Stop yourself right there. By doing even 1 deal, you’ve crossed a barrier that 80% of your fellow students find insurmountable. It IS a big deal. It’s a life-changing deal. So mark it with champagne, or a massage, or a nice dinner, or whatever makes you feel like the special person you’ve just become.

The difference between the 20% and the 80% isn’t who they are or what they know. It’s what they DO. EVERYONE in the 80% has in common that they don’t do, or don’t do enough times.  EVERYONE in the 20% has in common that they do, and keep doing until they’re successful. And THAT should tell you everything you need to know about how to break your education addiction and start making money.

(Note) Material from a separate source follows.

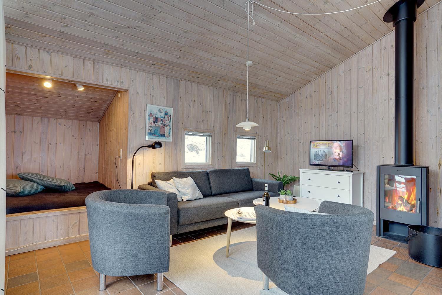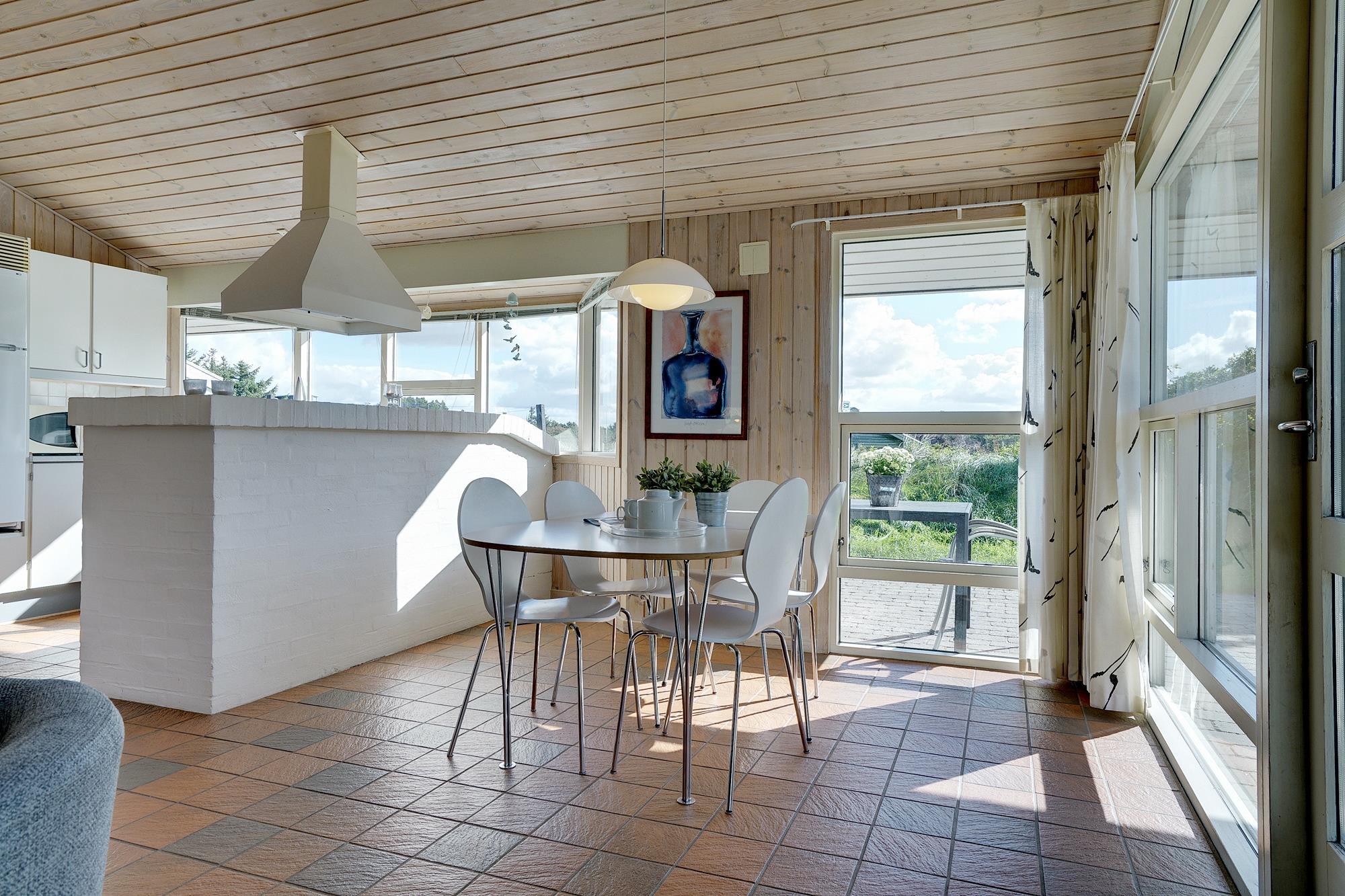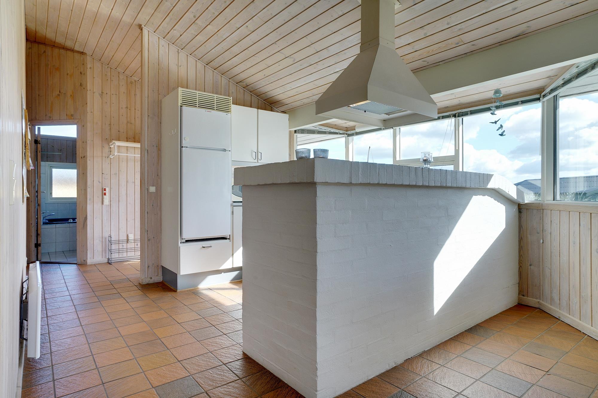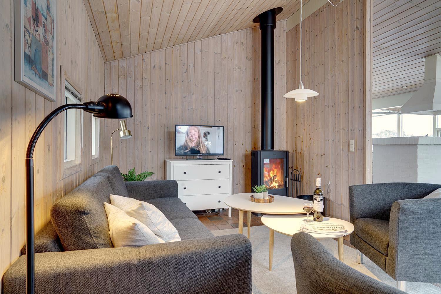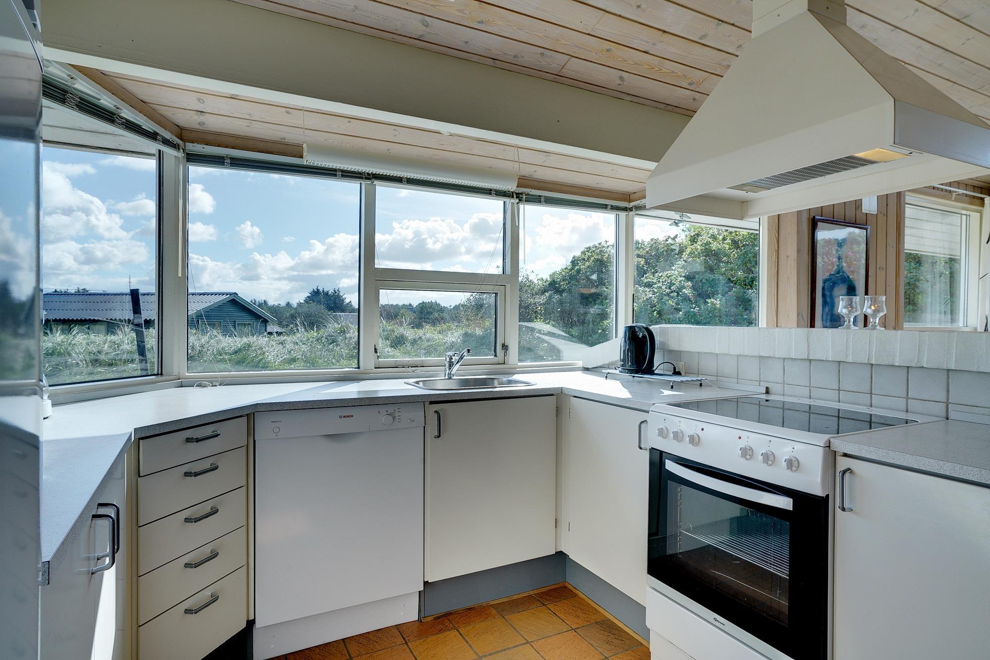 På en dejlig, ugeneret kuperet klitgrund på blind vej ikke langt fra Vesterhavet ligger dette velholdte feriehus. Huset fremstår lyst og venligt. Godt badeværelse med sauna. Fra stuen er der udgang til både delvis overdækket og åben terrasse.

2 Comments on “IC Elesson: How to Stop Learning and Start Doing

  1. This is a great article and a true representation of the cycle to real estate investing success. One way that I got myself out of the Discover-Learn-Discover-Learn vicious cycle was to make a deal with myself that I was NOT allowed to purchase another course until I at least did one deal on the prior course no matter how long it took. It forced me to try the various strategies and to make money in the process. Accountability partners also helped me take action consistently. Now that I’ve participated in about 50 deals, I’ve learned what I’m good at (rentals mostly and some wholesaling) and what I’m not good at (buy-fix-flip and joint ventures). It takes discipline to push yourself to the next level but it’s well worth it! I have achieved a lot of my real estate investing goals.